• _Data records_
──────────
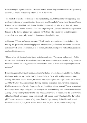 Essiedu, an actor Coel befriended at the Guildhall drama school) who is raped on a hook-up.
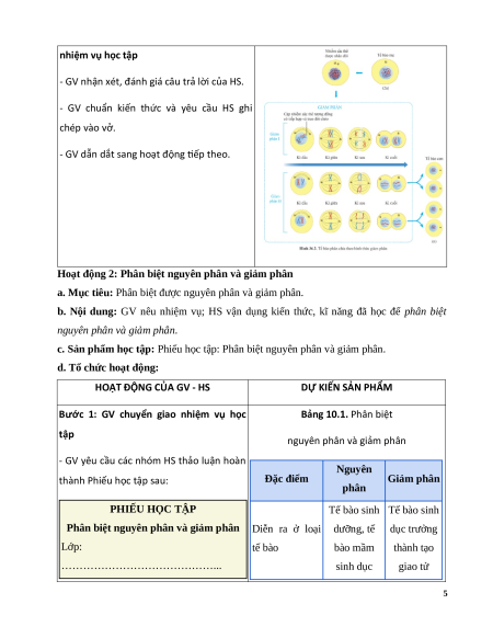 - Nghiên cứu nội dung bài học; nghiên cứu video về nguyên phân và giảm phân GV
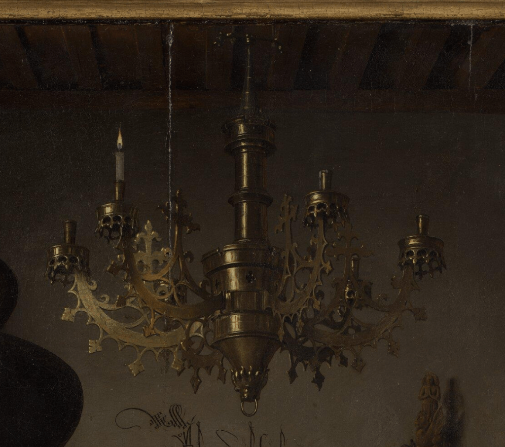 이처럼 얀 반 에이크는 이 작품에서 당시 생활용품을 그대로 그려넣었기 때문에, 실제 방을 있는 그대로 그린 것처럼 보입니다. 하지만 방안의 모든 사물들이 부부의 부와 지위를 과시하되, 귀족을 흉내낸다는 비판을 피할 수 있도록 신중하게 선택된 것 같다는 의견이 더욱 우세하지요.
──────────
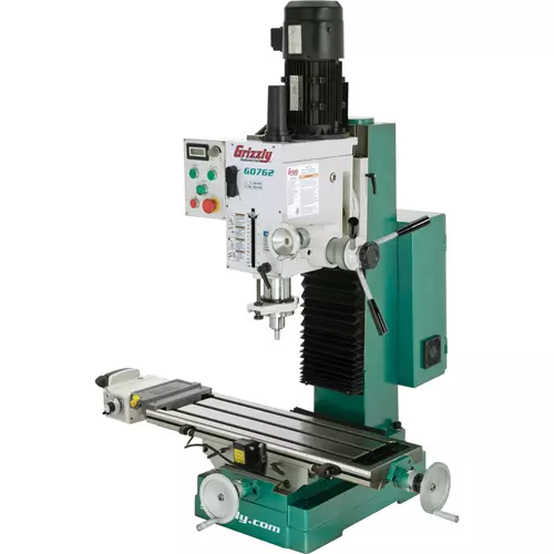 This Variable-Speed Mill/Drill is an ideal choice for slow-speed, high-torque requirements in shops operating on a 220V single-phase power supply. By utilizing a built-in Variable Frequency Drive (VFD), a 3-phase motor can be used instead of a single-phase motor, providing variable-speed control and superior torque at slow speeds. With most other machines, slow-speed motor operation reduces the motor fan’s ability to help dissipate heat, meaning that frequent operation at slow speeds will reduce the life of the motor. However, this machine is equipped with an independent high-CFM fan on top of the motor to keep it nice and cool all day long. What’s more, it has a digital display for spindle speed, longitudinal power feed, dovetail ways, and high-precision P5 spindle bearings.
──────────
• _Your instructions_
From the records above, transcribe exactly the lines starting at the one containing "Essiedu, an actor" and ending at the one containing "이처럼 얀 반 에이크는". Skip the pictures.

• _Answer box_
 Essiedu, an actor Coel befriended at the Guildhall drama school) who is raped on a hook-up.
 - Nghiên cứu nội dung bài học; nghiên cứu video về nguyên phân và giảm phân GV
 이처럼 얀 반 에이크는 이 작품에서 당시 생활용품을 그대로 그려넣었기 때문에, 실제 방을 있는 그대로 그린 것처럼 보입니다. 하지만 방안의 모든 사물들이 부부의 부와 지위를 과시하되, 귀족을 흉내낸다는 비판을 피할 수 있도록 신중하게 선택된 것 같다는 의견이 더욱 우세하지요.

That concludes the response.